▸ **What you are asked to do**
Go to the line with "ตัวเลขปี 2560 มีเอกสารสิทธิที่ดินจำนวน" in the entries below and write out every line from there through the line with "Rufo de Martet", exactly and without pictures.

▸ **Data section**
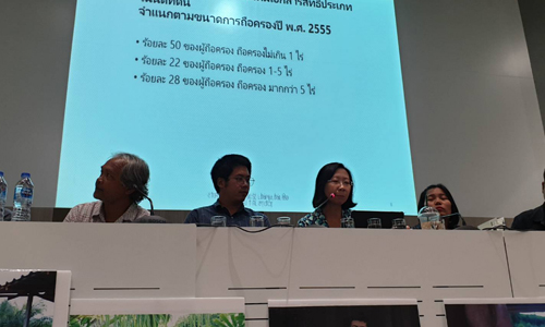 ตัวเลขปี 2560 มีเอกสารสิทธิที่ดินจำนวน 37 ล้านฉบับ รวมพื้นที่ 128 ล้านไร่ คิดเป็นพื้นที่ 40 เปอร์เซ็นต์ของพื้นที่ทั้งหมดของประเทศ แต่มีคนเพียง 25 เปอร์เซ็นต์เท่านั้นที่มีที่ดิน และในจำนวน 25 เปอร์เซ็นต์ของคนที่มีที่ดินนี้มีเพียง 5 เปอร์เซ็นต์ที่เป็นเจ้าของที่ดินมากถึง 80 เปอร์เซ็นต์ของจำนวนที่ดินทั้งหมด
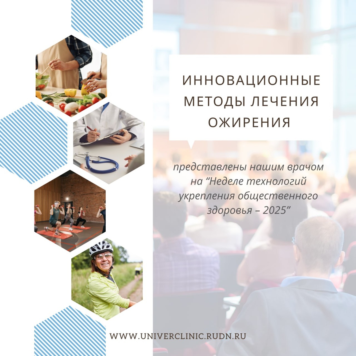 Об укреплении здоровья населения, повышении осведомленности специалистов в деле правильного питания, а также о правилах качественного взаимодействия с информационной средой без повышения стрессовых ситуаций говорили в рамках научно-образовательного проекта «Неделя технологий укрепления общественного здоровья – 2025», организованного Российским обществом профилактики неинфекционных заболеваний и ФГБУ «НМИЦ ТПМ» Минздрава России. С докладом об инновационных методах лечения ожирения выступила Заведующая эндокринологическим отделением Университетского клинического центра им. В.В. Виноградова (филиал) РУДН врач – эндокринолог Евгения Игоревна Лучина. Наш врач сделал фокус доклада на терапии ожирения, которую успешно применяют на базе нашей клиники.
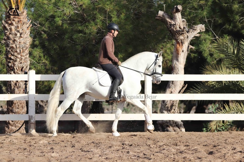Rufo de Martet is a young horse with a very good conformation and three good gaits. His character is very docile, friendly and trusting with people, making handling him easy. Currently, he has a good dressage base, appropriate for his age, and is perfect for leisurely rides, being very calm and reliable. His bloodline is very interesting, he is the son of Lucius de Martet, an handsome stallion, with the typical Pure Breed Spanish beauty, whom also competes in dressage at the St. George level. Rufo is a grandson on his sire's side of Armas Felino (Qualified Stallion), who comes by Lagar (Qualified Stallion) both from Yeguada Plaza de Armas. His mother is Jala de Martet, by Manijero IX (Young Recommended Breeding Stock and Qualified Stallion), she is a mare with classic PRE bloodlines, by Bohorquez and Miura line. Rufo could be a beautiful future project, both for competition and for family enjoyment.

==

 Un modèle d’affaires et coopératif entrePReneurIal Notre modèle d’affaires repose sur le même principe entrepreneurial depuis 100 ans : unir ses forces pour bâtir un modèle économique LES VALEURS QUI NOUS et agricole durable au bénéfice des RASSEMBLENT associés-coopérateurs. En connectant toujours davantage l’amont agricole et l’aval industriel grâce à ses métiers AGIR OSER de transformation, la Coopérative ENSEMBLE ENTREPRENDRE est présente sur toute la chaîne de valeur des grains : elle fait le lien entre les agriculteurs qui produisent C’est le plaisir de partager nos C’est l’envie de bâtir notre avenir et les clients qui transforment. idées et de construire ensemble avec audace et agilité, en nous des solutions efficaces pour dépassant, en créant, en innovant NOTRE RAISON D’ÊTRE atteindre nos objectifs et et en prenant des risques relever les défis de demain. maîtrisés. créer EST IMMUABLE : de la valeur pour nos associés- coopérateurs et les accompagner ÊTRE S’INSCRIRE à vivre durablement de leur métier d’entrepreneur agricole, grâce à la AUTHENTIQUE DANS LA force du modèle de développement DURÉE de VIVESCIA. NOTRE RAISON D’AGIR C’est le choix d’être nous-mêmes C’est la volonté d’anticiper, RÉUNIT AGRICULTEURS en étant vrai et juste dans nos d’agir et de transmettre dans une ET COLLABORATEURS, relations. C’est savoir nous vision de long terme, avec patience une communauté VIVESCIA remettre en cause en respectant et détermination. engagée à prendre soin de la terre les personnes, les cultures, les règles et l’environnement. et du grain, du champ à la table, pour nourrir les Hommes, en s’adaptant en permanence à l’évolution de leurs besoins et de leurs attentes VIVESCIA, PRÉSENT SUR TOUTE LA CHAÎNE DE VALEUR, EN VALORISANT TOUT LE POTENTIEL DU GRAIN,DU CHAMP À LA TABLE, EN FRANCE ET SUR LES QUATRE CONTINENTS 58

---

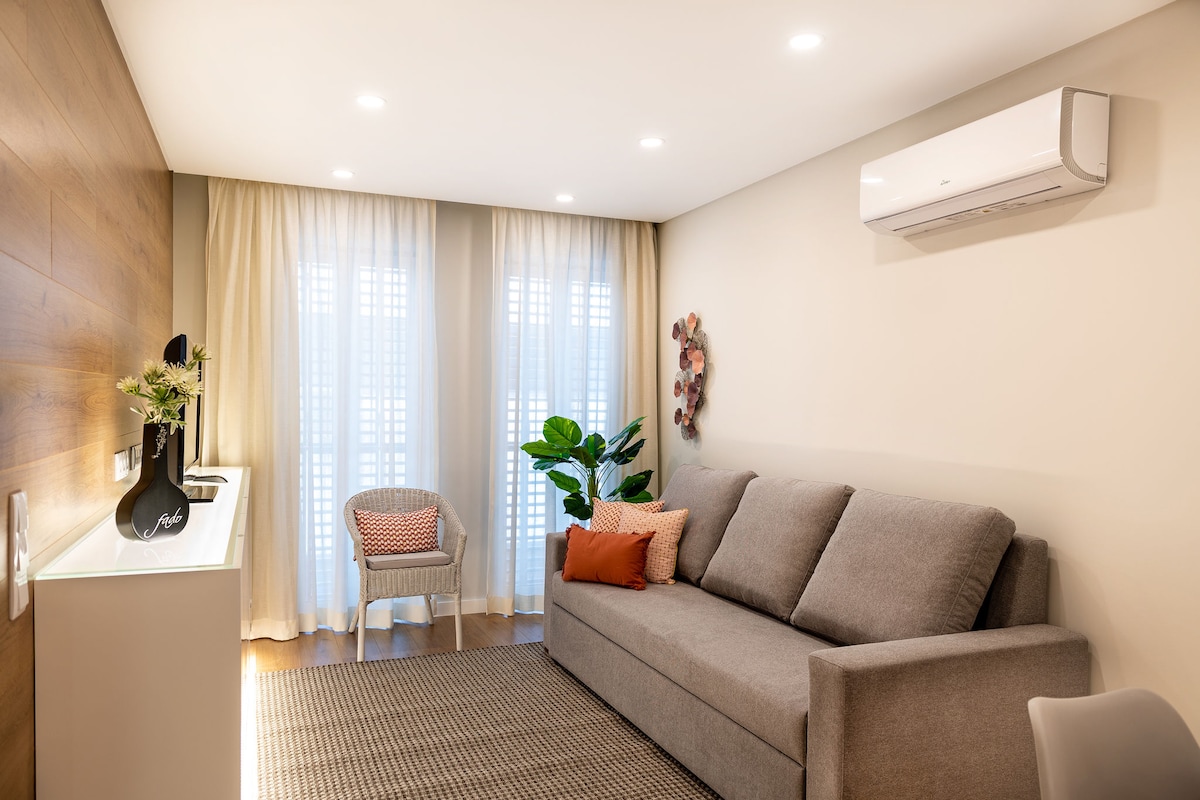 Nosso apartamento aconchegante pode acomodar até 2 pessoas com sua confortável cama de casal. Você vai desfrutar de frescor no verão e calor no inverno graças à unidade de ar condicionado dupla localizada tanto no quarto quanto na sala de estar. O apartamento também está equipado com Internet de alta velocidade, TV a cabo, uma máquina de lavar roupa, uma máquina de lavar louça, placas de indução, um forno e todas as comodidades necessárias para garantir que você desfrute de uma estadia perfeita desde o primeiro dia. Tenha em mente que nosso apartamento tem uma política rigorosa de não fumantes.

▸ **Solved problem**
 ตัวเลขปี 2560 มีเอกสารสิทธิที่ดินจำนวน 37 ล้านฉบับ รวมพื้นที่ 128 ล้านไร่ คิดเป็นพื้นที่ 40 เปอร์เซ็นต์ของพื้นที่ทั้งหมดของประเทศ แต่มีคนเพียง 25 เปอร์เซ็นต์เท่านั้นที่มีที่ดิน และในจำนวน 25 เปอร์เซ็นต์ของคนที่มีที่ดินนี้มีเพียง 5 เปอร์เซ็นต์ที่เป็นเจ้าของที่ดินมากถึง 80 เปอร์เซ็นต์ของจำนวนที่ดินทั้งหมด
 Об укреплении здоровья населения, повышении осведомленности специалистов в деле правильного питания, а также о правилах качественного взаимодействия с информационной средой без повышения стрессовых ситуаций говорили в рамках научно-образовательного проекта «Неделя технологий укрепления общественного здоровья – 2025», организованного Российским обществом профилактики неинфекционных заболеваний и ФГБУ «НМИЦ ТПМ» Минздрава России. С докладом об инновационных методах лечения ожирения выступила Заведующая эндокринологическим отделением Университетского клинического центра им. В.В. Виноградова (филиал) РУДН врач – эндокринолог Евгения Игоревна Лучина. Наш врач сделал фокус доклада на терапии ожирения, которую успешно применяют на базе нашей клиники.
Rufo de Martet is a young horse with a very good conformation and three good gaits. His character is very docile, friendly and trusting with people, making handling him easy. Currently, he has a good dressage base, appropriate for his age, and is perfect for leisurely rides, being very calm and reliable. His bloodline is very interesting, he is the son of Lucius de Martet, an handsome stallion, with the typical Pure Breed Spanish beauty, whom also competes in dressage at the St. George level. Rufo is a grandson on his sire's side of Armas Felino (Qualified Stallion), who comes by Lagar (Qualified Stallion) both from Yeguada Plaza de Armas. His mother is Jala de Martet, by Manijero IX (Young Recommended Breeding Stock and Qualified Stallion), she is a mare with classic PRE bloodlines, by Bohorquez and Miura line. Rufo could be a beautiful future project, both for competition and for family enjoyment.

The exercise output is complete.